Why aren’t hospitals leaping to adopt these best practices?…. More than half of the 2,075 respondents, most of whom were infection control nurses employed by hospitals, reported that they use a cumbersome paper-based system for tracking patients’ conditions that makes it harder to spot infections in real time. Seven in 10 said they are not given enough time to train other hospital workers on proper procedures. Nearly a third said enforcing best practice guidelines was their greatest challenge, and one in five said administrators were not willing to spend the necessary money to prevent CRBSIs.

[Peter] Pronovost said part of the problem was that many hospital chief executives aren’t even aware of their institution’s bloodstream infection rates, let alone how easily they could bring them down. When hospital leaders decide to create a culture in which preventing infections is a priority, he added, nurses feel empowered to remind physicians to follow the checklist when inserting catheters, physicians are provided antiseptic soaps as part of their catheter kits and infection control personnel have the best tools to monitor patients.

Italics mine.
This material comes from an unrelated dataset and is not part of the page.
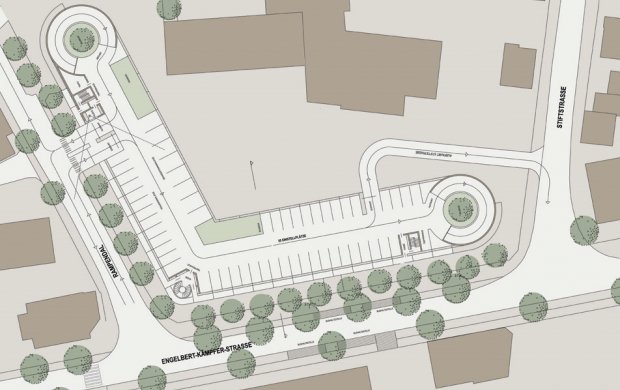 Städtebaulicher Entwurf und Konzeption für ein Parkhaus in der Innenstadt von Lemgo für 255 PKW im Auftrag der Stadtwerke Lemgo.

How is it possible that hospital CEOs don’t even know about this? We’re talking about something that saves lives, costs almost nothing, and would probably reduce healthcare costs by over a billion dollars nationally if it were adopted aggressively. And equally, why is our medical system still so screwed up that doctors routinely treat nurses like serfs who are too cowed to insist on sterile procedures? I mean, talk about the cost of lingering patriarchy. In this case, it might someday kill you.